12. Vorliegend besteht ein gemeinsamer besonderer Gerichtsstand i.S.d. § 29 ZPO im Bezirk des Amtsgerichts Frankfurt am Main. Mangels eigenständiger Gerichtsstandsregelung im Rahmen der Verordnung EG 2004/216 ist auf Basis der nationalen Bestimmungen der Erfüllungsort für die Erbringung von Beförderungsleistungen zu ermitteln. Demnach liegt der Erfüllungsort i.S.d.§ 269 Abs. 1 BGB für die von der Beklagten zu 2) geschuldete Hin- und Rückbeförderung des Klägers zwischen Frankfurt am Main und … jedenfalls auch am Abflugsort, d.h. dem Flughafen Frankfurt am Main (vgl. BGH NJW 2008, 2121, 2122; AG Lichtenberg NJOZ 2007, 3516, 3517). Dort war die Maschine nebst Personal rechtzeitig bereit zu stellen. Für die Beklagte zu 1) als Reiseveranstaltungsunternehmen lag der Erfüllungsort hinsichtlich der in den Pauschalreisevertrag integrierten Flugreise ebenfalls  jedenfalls auch – am Abflugsort, d. h. im Bezirk des Amtsgerichts Frankfurt am Main (vgl. Musielak/Heinrich, 9. Aufl., ZPO, § 29 Rd. 32 „Reiseverträge“; Zöller/Vollkommer, 29. Aufl., § 29 Rd. 25 „Reisevertrag“).
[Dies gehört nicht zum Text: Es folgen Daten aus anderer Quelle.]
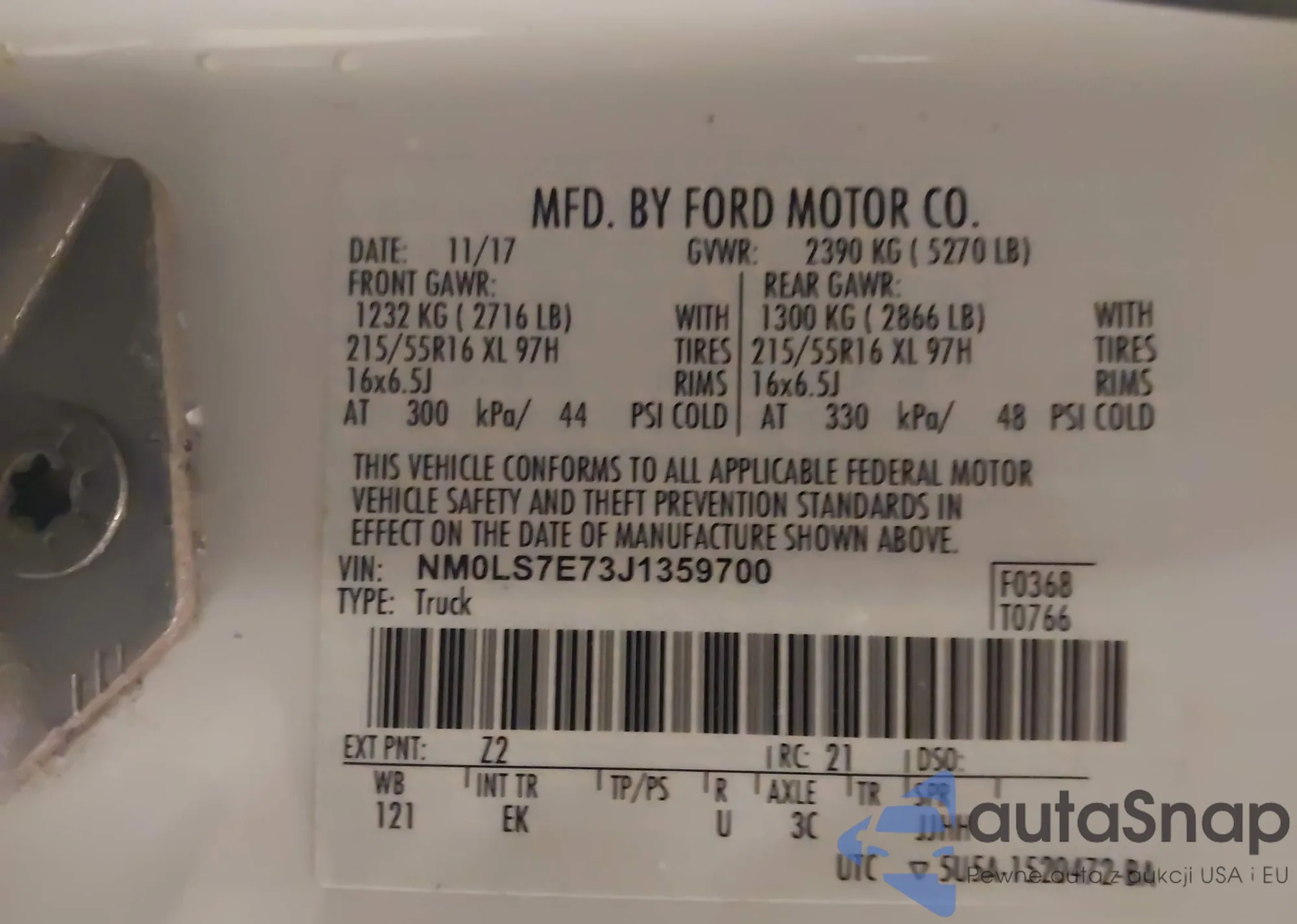 LOT: 44307563 VIN: NM0LS7E73J1359700

13. Der Erfüllungsort für die hier geltend gemachten Sekundäransprüche in Form der Reisepreisminderung bestimmt sich nach dem Erfüllungsort der behaupteten Primärleistungsverpflichtung. Damit ist ebenfalls das Amtsgericht Frankfurt am Main für die streitgegenständlichen Ansprüche zuständig.